Symmetry, Reduction, and Entropy in Deep Neural Networks
A geometric–statistical physics foundation for deep learning, from linear solvable limits to nonlinear depth-scaling laws.
Project Overview
This project develops a geometric and statistical–mechanical foundation for deep learning built on the structural chain:
Symmetry $\rightarrow$ Moment Map $\rightarrow$ Reduction $\rightarrow$ Entropy $\rightarrow$ Free Energy $\rightarrow$ Scaling Laws.

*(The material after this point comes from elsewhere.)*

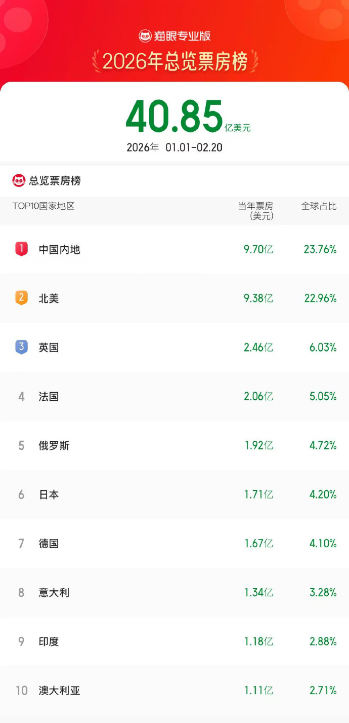 2月21日,据猫眼专业版数据显示,2026年中国电影市场累计票房超9.70亿美元,超北美票房成绩,暂列全球单一市场票房冠军。
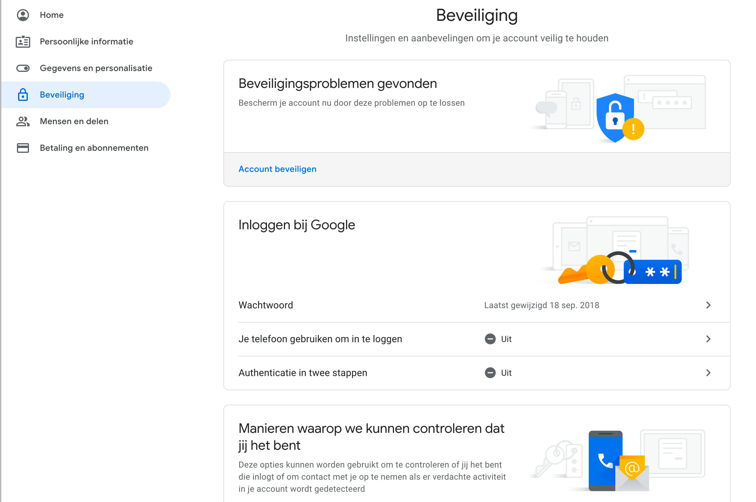 Heb je de volledige wizard op de pagina Privacycheck doorlopen, dan beland je in de accountinstellingen. Klik daar in het menu aan de linkerkant op Beveiliging, je vindt er nog wat interessante zaken. De kans is vrij groot dat je in het paneel rechts de melding Beveiligingsproblemen gevonden, of zelfs Kritieke beveiligingsproblemen gevonden aantreft. Klik hier op Account beveiligen, of in het geval van kritieke problemen op Actie ondernemen. Wat je in die lijst te zien krijgt, zijn veelal zaken waar Google wat extra aandacht voor wil vragen. Bijvoorbeeld of jouw alternatieve e-mailadres en telefoonnummer nog kloppen. Beide zijn nodig in geval je account gekraakt wordt en Google een alternatieve manier van communiceren nodig heeft. Ook word er hier zo af en toe gevraagd of een doorstuuradres (als je dat gebruikt) nog klopt. Ook kun je hier tweestapsverificatie inschakelen. Het betekent wat extra werk bij het inloggen, maar zorgt tegelijkertijd voor een groter gevoel van veiligheid.

The starting point is a fully solvable linear limit — Deep Linear Networks (DLNs) — where symmetry is explicit and entropy can be computed from orbit volumes.
From this solvable template, we construct a nonlinear extension for realistic deep networks (e.g. equivariant models and residual networks), aiming to derive gauge-invariant macroscopic observables, microstate entropy formulas, and infinite-depth scaling laws.
Layer I — DLN as a Solvable Structural Baseline
For a depth-$L$ linear network:
\[X = W_L \cdots W_1\]the parameter space carries a natural gauge symmetry:
\[(W_L,\dots,W_1) \mapsto (W_L Q_{L-1}, Q_{L-1}^{-1} W_{L-1} Q_{L-2}, \dots, Q_1^{-1} W_1)\]leaving $X$ invariant. This structure induces:
- A moment map (balanced condition)
- A reduced manifold (balanced slice)
- Microstates: \(\mathcal{O}_X = \{ \theta : \Phi(\theta) = X \}\)
- Entropy: \(S(X) = \log \text{vol}(\mathcal{O}_X)\)
- Free energy: \(F_\beta(X) = E(X) - \beta^{-1} S(X)\)
Layer II — Nonlinear Extension: Core Open Problems
The central research effort is to extend the symmetry–entropy mechanism to nonlinear deep networks.
OP2 — Macroscopic Observables Beyond Linear $X$
In nonlinear networks, $X$ alone is insufficient. We study Jacobian SPD observables:
\[g_x = (Df(x))^\top Df(x)\]OP3 — Nonlinear Microstates and Entropy
Define microstates as:
\[\mathcal{O}_y = \{ \theta : \Phi(\theta) = y \}\]Questions: Is $\mathcal{O}_y$ an orbit or a symplectic reduced space? Can entropy be computed via Duistermaat–Heckman density structures?
OP7 — Weyl-Chamber Diffusion of Jacobian Spectra
For deep residual chains $Df(x) = J_L \cdots J_1$, as $L \to \infty$:
- Do log-singular values converge to diffusion in a Weyl chamber?
- What are drift and diffusion coefficients?
Layer III — Deliverables for Deep Learning
1. Training Diagnostics
Measurable geometric quantities:
- Jacobian SPD as geometric temperature
- Moment-map imbalance as gauge instability
- Spectral gap statistics as entropy indicators
2. Unified Conceptual Framework
Dropout, normalization, and implicit bias, all interpreted through: Symmetry + Reduction + Entropy + Free Energy + Scale.
Selected References
- Menon & Yu. Entropy and Symmetry in Deep Linear Networks. arXiv (2023).
- Poole et al. Exponential Expressivity in Deep Neural Networks. NeurIPS (2016).
- Amari. Information Geometry and Its Applications. Springer (2016).
- Bronstein et al. Geometric Deep Learning. arXiv:2104.13478 (2021).